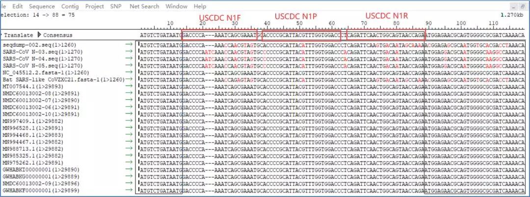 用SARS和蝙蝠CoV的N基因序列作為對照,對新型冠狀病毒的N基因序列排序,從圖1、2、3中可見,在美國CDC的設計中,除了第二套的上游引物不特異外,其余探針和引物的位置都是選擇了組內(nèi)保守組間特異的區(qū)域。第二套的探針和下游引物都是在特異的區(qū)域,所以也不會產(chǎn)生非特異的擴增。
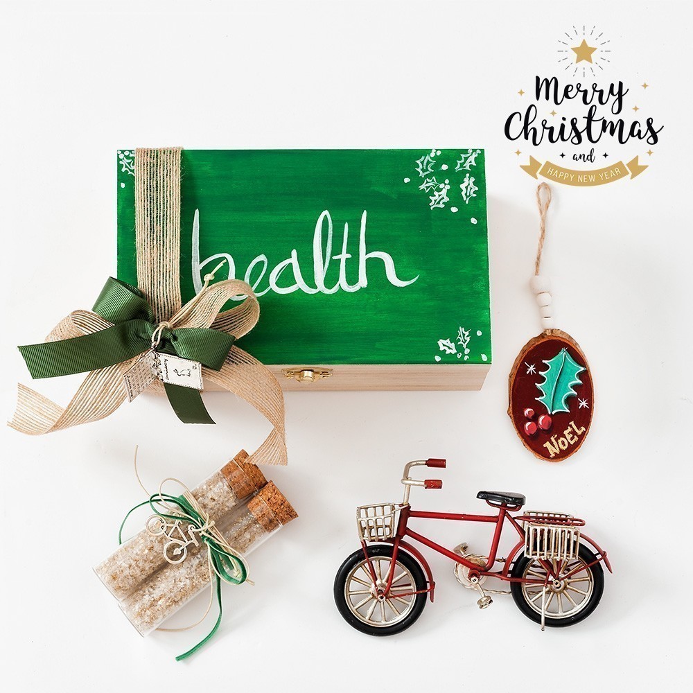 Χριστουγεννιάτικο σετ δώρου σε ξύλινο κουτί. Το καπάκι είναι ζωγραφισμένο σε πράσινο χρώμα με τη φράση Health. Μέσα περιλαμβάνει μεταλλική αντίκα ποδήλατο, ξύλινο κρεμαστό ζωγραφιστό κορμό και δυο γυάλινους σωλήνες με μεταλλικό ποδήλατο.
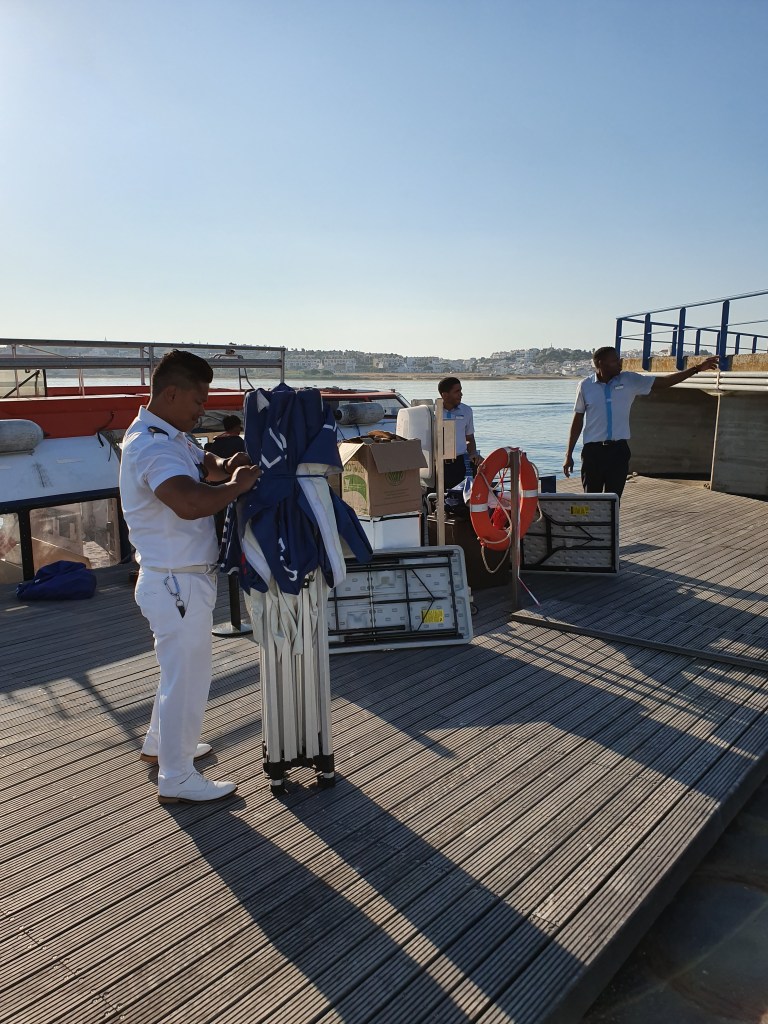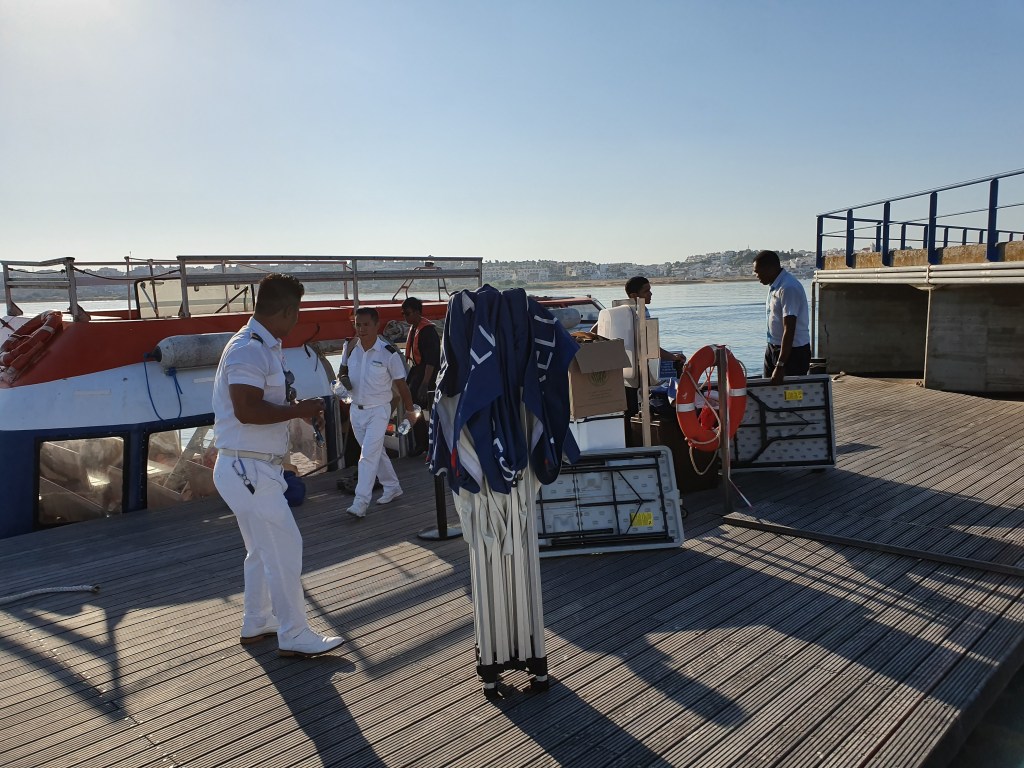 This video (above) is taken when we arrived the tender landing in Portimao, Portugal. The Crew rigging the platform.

····················

Write every line above out again exactly; pictures do not belong in the copy.

• **Answer to the problem**
 用SARS和蝙蝠CoV的N基因序列作為對照,對新型冠狀病毒的N基因序列排序,從圖1、2、3中可見,在美國CDC的設計中,除了第二套的上游引物不特異外,其余探針和引物的位置都是選擇了組內(nèi)保守組間特異的區(qū)域。第二套的探針和下游引物都是在特異的區(qū)域,所以也不會產(chǎn)生非特異的擴增。
 Χριστουγεννιάτικο σετ δώρου σε ξύλινο κουτί. Το καπάκι είναι ζωγραφισμένο σε πράσινο χρώμα με τη φράση Health. Μέσα περιλαμβάνει μεταλλική αντίκα ποδήλατο, ξύλινο κρεμαστό ζωγραφιστό κορμό και δυο γυάλινους σωλήνες με μεταλλικό ποδήλατο.
 This video (above) is taken when we arrived the tender landing in Portimao, Portugal. The Crew rigging the platform.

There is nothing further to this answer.